Richard A. Cassidy, Ph.D., Charles V. Vorhees, Daniel J. Minnema, Lloyd Hastings
U.S. Army Institute of Surgical Research, Fort Sam, Houston, Texas
Division of Basic Science Research, Children's Hospital Research Foundation
Department of Pediatrics, University of Cincinnati, Cincinnati, Ohio
This result of adipose tissue formation is hardly restricted to this single chemical - and the mechanisms which disrupt the body's processes do far more than add fat, but affect multiple systems, creating numerous potential problems, which are then said to be associated with overweight, rather than with the causal toxicity producing both.

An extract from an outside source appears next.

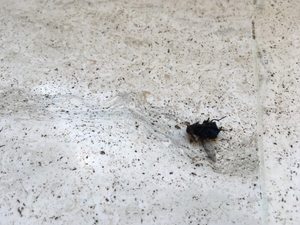 Dans une mare de sang, une mouche s’étend, sans bruit.

The fact that the very problems created by industry greed are used to control and repress us do more than add insult to injury.
Those not aware are too easily and often duped into supporting tactics and agendas against their own interest, arguing against public protection from destructive industry through government involvement.
But if adequate public protection and oversight had been in place previously, industry would not now illegally control the electoral selection so that industry interests determine the pool of available governmental choice, and now fill the bulk of decision-making positions in even the most protective agencies devised.